Minha avó sempre dizia em palavras, em histórias, e no seu olhar  que a gente não pode fugir das escolhas e fatalidades que acontecem  na vida. Foi uma mulher incrível e ela não sabia disso. Fumava na década de 30, coisa que hoje é meio deselegante, ruim, mas pra uma mulher naquela época era um escândalo, uma rebeldia, depois de anos ela parou. Era vaidosa, adorava batom, assim como eu.


Se apaixonou por um negão, meu avô, e enfrentou a família pra casar com ele, num momento em que o preconceito era muito mais explicito.  Perdeu dois filhos que morreram jovens, meus únicos tios, só restou minha mãe. Ficou doente, perdeu uma perna com gangrena. É, ela enfrentava a barra, mesmo depois que ficou numa cadeira de rodas.


As pessoas que a conheceram dizem que minha personalidade meio forte veio dela. E realmente, confesso que tenho a personalidade meio avessa nos ambientes que transito. Percebi que com o tempo eu tenho tratado muitas coisas que simplesmente não me interessam com indiferença. Deixado todo aquele blá blá blá de hijos de puta que não serve pra nada, comentários e pessoas que não me servem para trás.

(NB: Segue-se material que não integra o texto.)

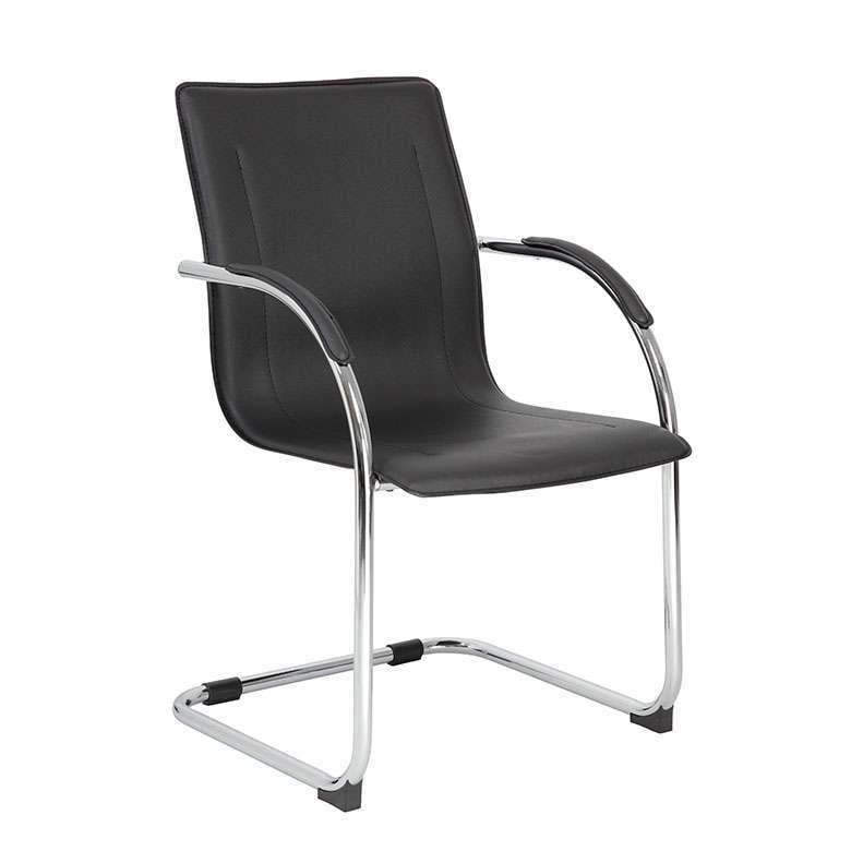 This strikingly luxurious side-chair is designed with a high-quality chrome frame that screams class and an easy to clean black vinyl seat that is beyond comfortable for any guests. The base of the chair is a chrome cantilever design and offers a weight capacity of 275 lbs. This chair itself is the perfect blend of class and professionalism, without sacrificing comfort or quality. The chair is sold 4 pieces per pack and would make a great accompaniment to most any office.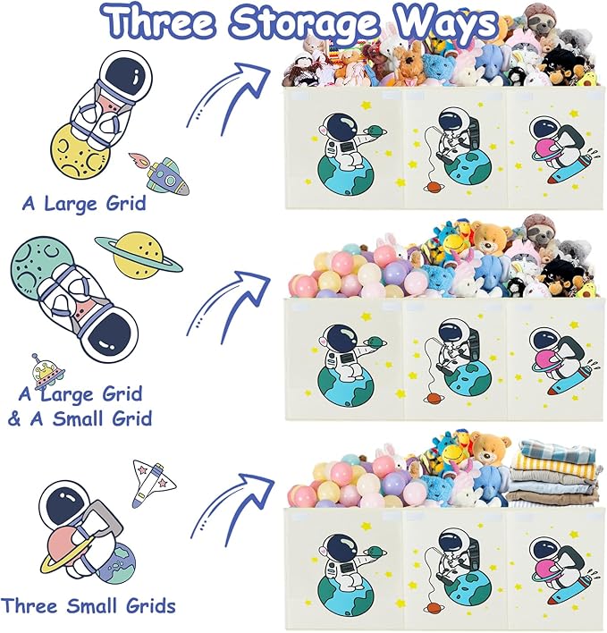 Toy Storage Box with Lid,Extra Large Toy Box Chest Bin Organizer Basket with Dividers for Toddlers,Kids,Boys,Girls,Living Room Area (Beige Astronaut)

“Você deixou de ser uma jovem garota, e se tornou uma jovem mulher.” assim sussurrou a Nona no meu ouvido, no final da tarde. “Eu acho que você está certa...”, respondi a ela em pensamento, com uma leve saudade. 


E  naquele fim de tarde, já caindo a chuva, ela me mostrou que  esse vazio não é estranho. É temer o escuro quando ele vem, é pensar no que fazer com as sombras humanas que temos dentro de nós mesmos e não podemos escapar.